Der scheinbare Einbruch für den 14. Oktober entsteht übrigens dadurch, dass diese Statistiken jede Nacht gegen 3:30 Uhr erzeugt werden, wenn auf dem Server wenig los ist – und die Tageszugriffe für den 14. Oktober sind noch gar nicht in die Zahlen eingegangen. Doch selbst, wenn man diese »Kleinigkeit« eines Fehlers von gut 7 Prozent einfach nicht berücksichtigt, kommt man durch einfaches Rechnen auf 1.828 Besuche und 14.252 Seitenabrufe pro Tag – dabei muss der Webserver ungefähr 20 Dateianfragen pro Minute bewältigen. Der Oktober erweist sich zurzeit noch als ein eher schwacher Monat, was die bloßen Besucherzahlen angeht. Da viele dieser Besuche gehäuft zu bestimmten Zeiten oder Anlässen kommen, versteht vielleicht jetzt auch so mancher, warum das Blahblog in der Vergangenheit oft ein bisschen zähflüssig war und erforderte, dass ich mich etwas darum kümmerte, damit der Server diesen Traffic auch bewältigen und einigermaßen flüssig beantworten kann. WordPress ist nicht wirklich gut für ein Blog geeignet, das auch gelesen wird… :mrgreen:

Diese wirklichen Zahlen halte man einmal den angezeigten Bullshit-Zahlen gegenüber, und schon wird leuchtendhell klar, was dort wohl alle Zahlen wert sind. Sie sind völlig halt- und sinnlos. Die Frage nach dem Wert der eigenen Website bleibt also weiterhin ungeklärt, aber die Frage nach dem Wert dieses tollen Dienstes ist dafür sehr klar beantwortet.

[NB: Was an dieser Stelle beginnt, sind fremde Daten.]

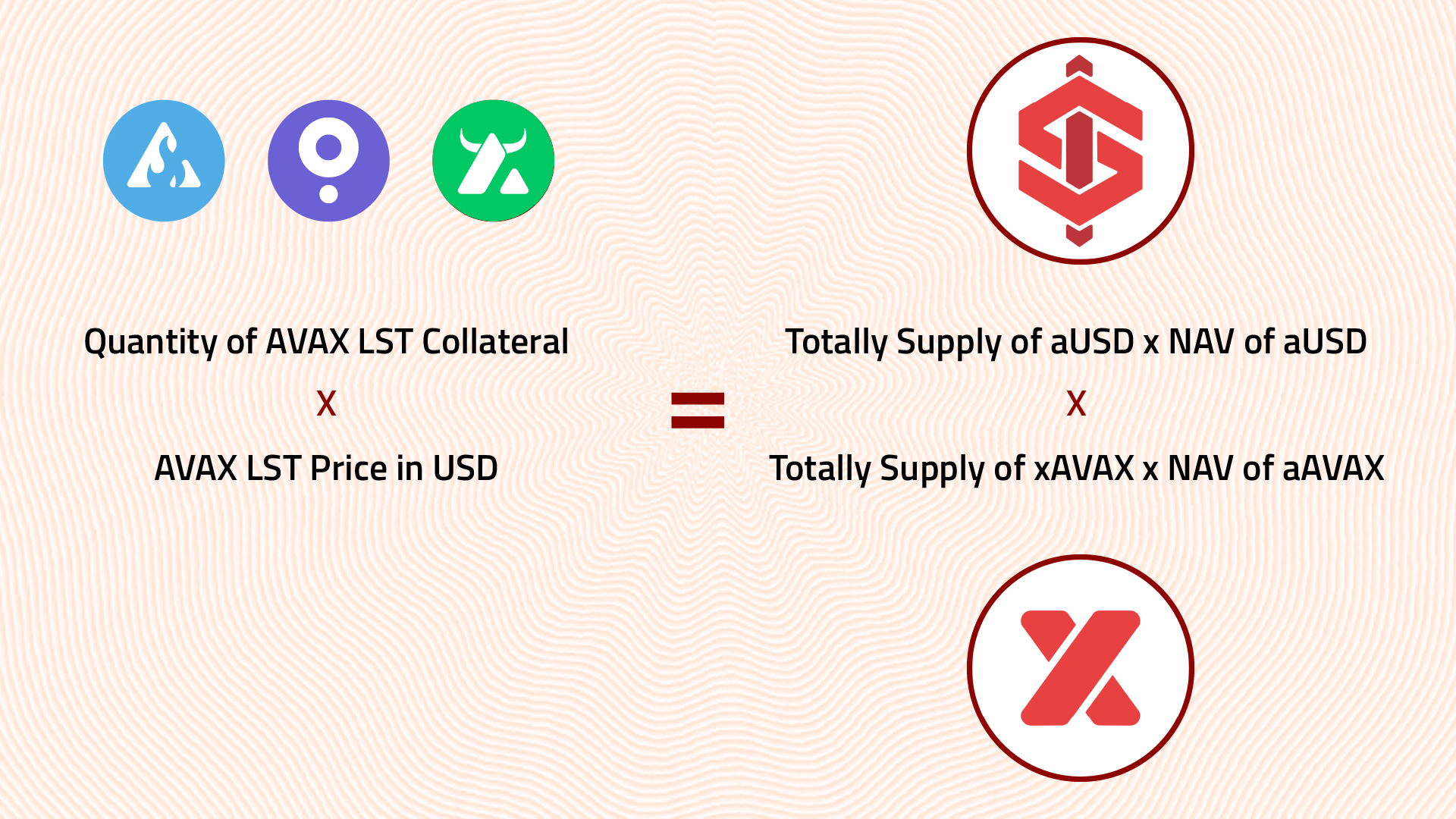 The quantity of AVAX LST Collateral × AVAX LST Price in USD = (Total Supply of aUSD × NAV of aUSD) + (Total Supply of xAVAX × NAV of xAVAX).

Da fragt man sich schon, was das eigentlich soll. Nun, auch diese Frage wird beantwortet, wenn man sich den »Wert« seiner Website in exakt ausgedachten Zahlen und sogar in einem centgenauen Eurobetrag anschaut, dann man kann diesen tollen Eurobetrag (scheint ja für einige Menschen da draußen das Wichtigste beim Betrieb einer Website zu sein) auch in seine Website einbetten:

Möglichkeit zum Einbetten des 'Wertes' der Website

Hier kennt jemand sehr genau die Neigung der Menschen zu allerlei virtuellen Schwanzvergleichen. Und das beste daran: Jeder, der diesen kleinen Schnippsel unverändert in seine Website einbettet, legt damit einen Link auf diesen Anbieter eines nutzlosen Dienstes – und macht auf diese Weise nicht nur Werbung und reizt andere Menschen, die Länge ihres Pimm den Wert ihrer Website mal zu vergleichen, sondern macht auch den inhaltlich wertlosen Internet-Dienst recht wertvoll an einem Markt, der gute, viel verlinkte Werbeplätze mit hohem Google-Ranking sucht. Das ist doch ein tolles Geschäftsmodell, nicht wahr?! Echten Wert aus wertfreien Bullshit erzeugen, ein ganz großes Kino ist das!

Aber ob dieses Geschäft wohl funktionieren wird?